In the city that never sleeps, employees at one startup are competing to find the best sleeper. And there’s a clear front-

runner, according to the leaderboards at Eight Sleep’s New York City office.

“I’m a really good sleeper,” Alexandra Zatarain, the company’s co-founder and vice president of brand and marketing, laughed. “I’m always winning.
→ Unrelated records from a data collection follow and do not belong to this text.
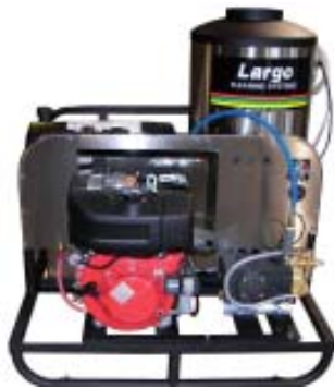
Model 5-4300D shown
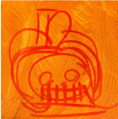
Tim Thompson Chucky , 2019 Acrylic on canvas 20h x 20w cm TT001 A$ 50.00
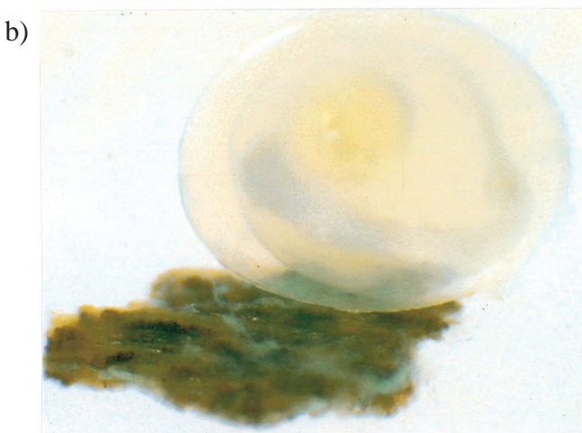
Fig. 1. Tessellated darter embryos recovered from the stomachs of cannibalistic nesting males. Such remains suggest that the embryos were generally in good health before being eaten and probably had been free of fungal disease (see ref. 18). (a) This embryo (displaying spotted pigment areas) was retrieved from the stomach of its biological father; the yolk sac can be seen above the prominent eyes and below the long curved tail. (b) This embryo and egg case, also retrieved from the stomach of its sire, was cemented to a small piece of black wood from the nest, suggesting that it may have been attached to the nest at the time of consumption (see text).

cannibalism indicate that this behavior "occurs on a scale that exceeds the simple consumption of diseased or dead eggs" (11). Second, perhaps the darter embryos eaten by their guardian males were already physically dislodged from the nest and would otherwise have washed downstream and died. We cannot eliminate this possibility, but it is worth noting that some of the embryos retrieved from the males' stomachs were still secured to small pieces of wood from the nest (Fig. 1b), suggesting that they had not dislodged naturally.
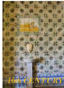
16th CENTURY PALACE

Cal Compte has converted the area under the eaves into 8 luxury bedrooms — three are standard doubles, two are superior and three are suites. The space is decorated in a minimalist style and is very light and airy.

When I’m traveling away from my Pod is when someone else can finally win.”

Eight Sleep, which bills itself as a “sleep fitness” company, is best known for its Pod, a smart mattress cover with an immersive heating, cooling and elevation system. Like a wearable, the Pod also tracks sleep metrics, allowing users to test whether it really lives up to the promise of deeper slumber. But instead of slipping on a watch, you simply lie on top of it.
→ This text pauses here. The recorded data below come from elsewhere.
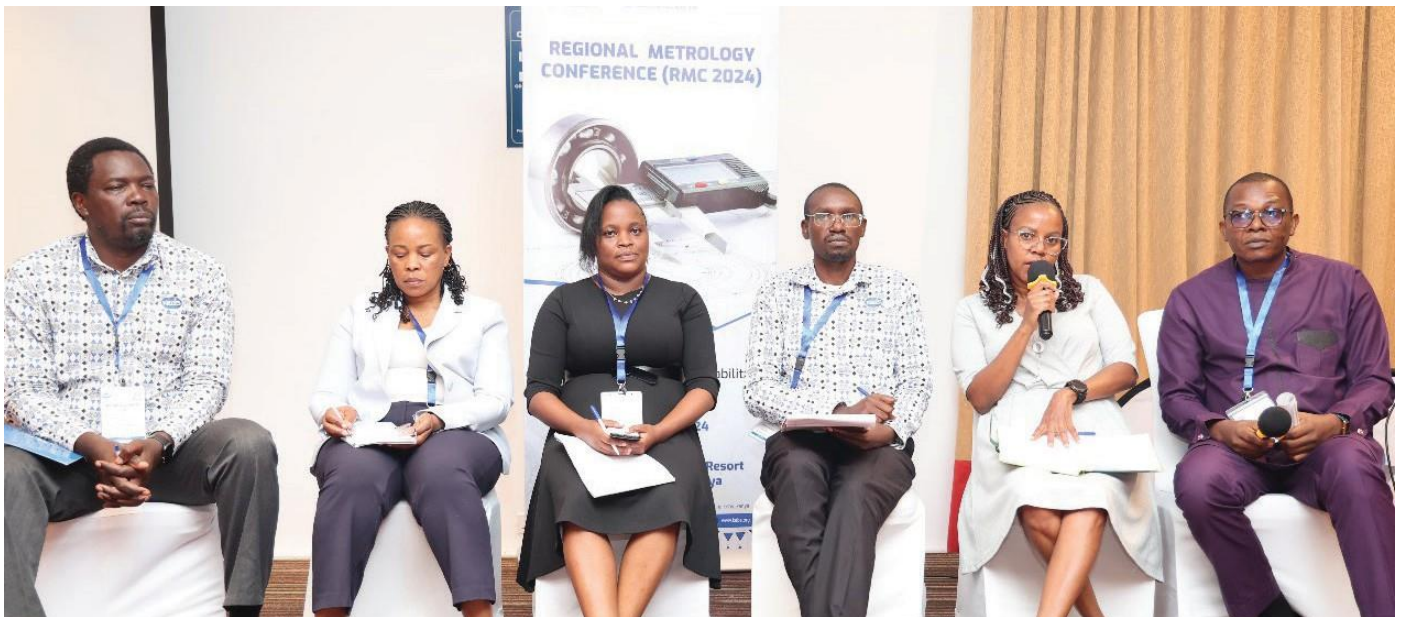
A panel discussion as the Regional Metrology Conference got underway in Mombasa between the 15th to 17th July, 2024.
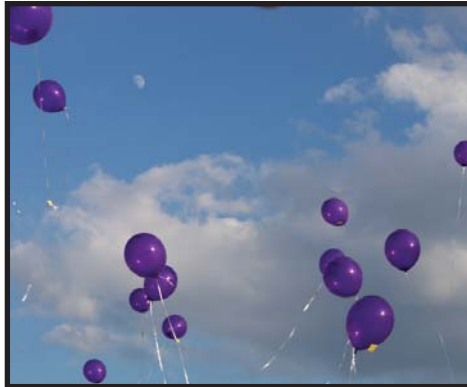
Balloons signifying September's "National Substance Abuse Awareness month"
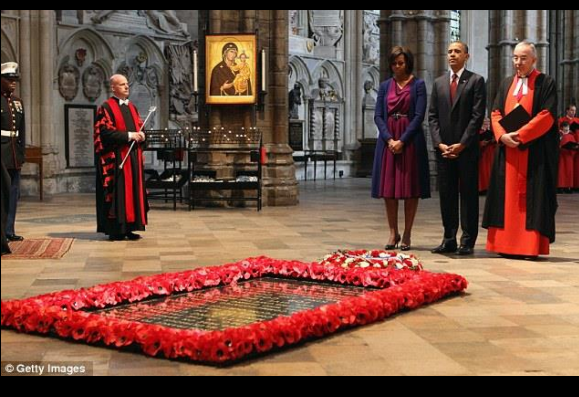
The British Tomb of The Unknown Warrior
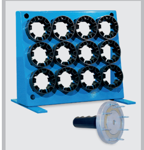
Tool base and Tool rack with QuickChange-tool as an option.
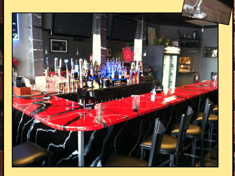
"Coolest Little Bar in East Peoria!"

HOUSE WINE Barefoot—by the glass Merlot • White Zinfandel • Chardonnay
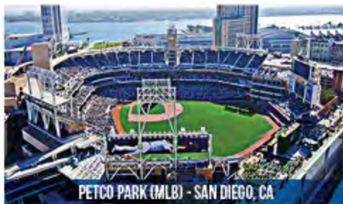
PETCO PARK (MLB) - SAN DIEGO, CA
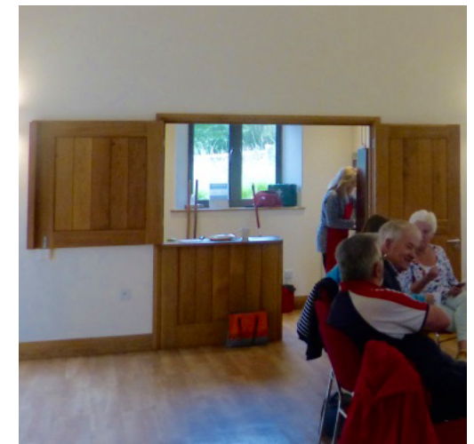
Doors to kitchenette & servery in open position
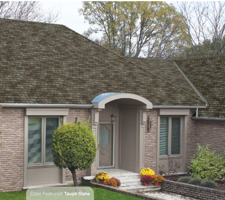
Color Featured: Taupe Slate

PERFECT PAIRINGS: Stone, masonry, wood, brick, siding (especially cream, beige or grey).
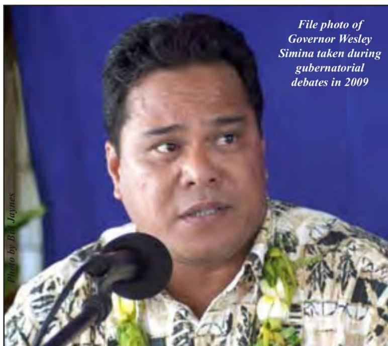
File photo of Governor Wesley Simina taken during gubernatorial debates in 2009

Part of the question of Chuuk’s civil action against the FSM seems to revolve around who the duly elected “representative” of Tolensom is. Is it Amanto Marsolo, as Chuuk State believes, or Kisauo Esa as the FSM National Government believes? Both Marsolo and Esa have called themselves the Mayor of Tolensom, Faichuuk.
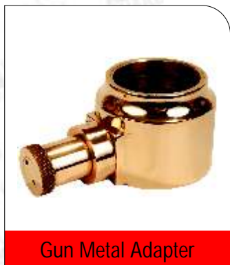
Gun Metal Adapter

“Sleep is the number one challenge for so many people in the world right now,” Greg Wells, a physiologist and the best-selling author of titles like Rest Refocus Recharge: A Guide For Optimizing Your Life, told Newsweek. “Whether it’s athletes, businesspeople, knowledge workers, everyone is struggling with sleep. And the data backs that up. Twenty-five percent of Americans have a diagnosed sleep disorder. It’s a huge number.”

“What we’ve discovered is that sleep is a superpower,” Wells added. “When you sleep well, you learn better, you’re more creative, you can problem solve. These are all critical factors for us to work, and if we’re not sleeping, we can’t work well.”

Tech billionaire Mark Zuckerberg, seven-time Formula 1 World Champion Lewis Hamilton, top-ranked American men’s tennis player Taylor Fritz and longevity’s poster child Bryan Johnson would likely agree—and they all go to bed on Eight Sleep mattresses.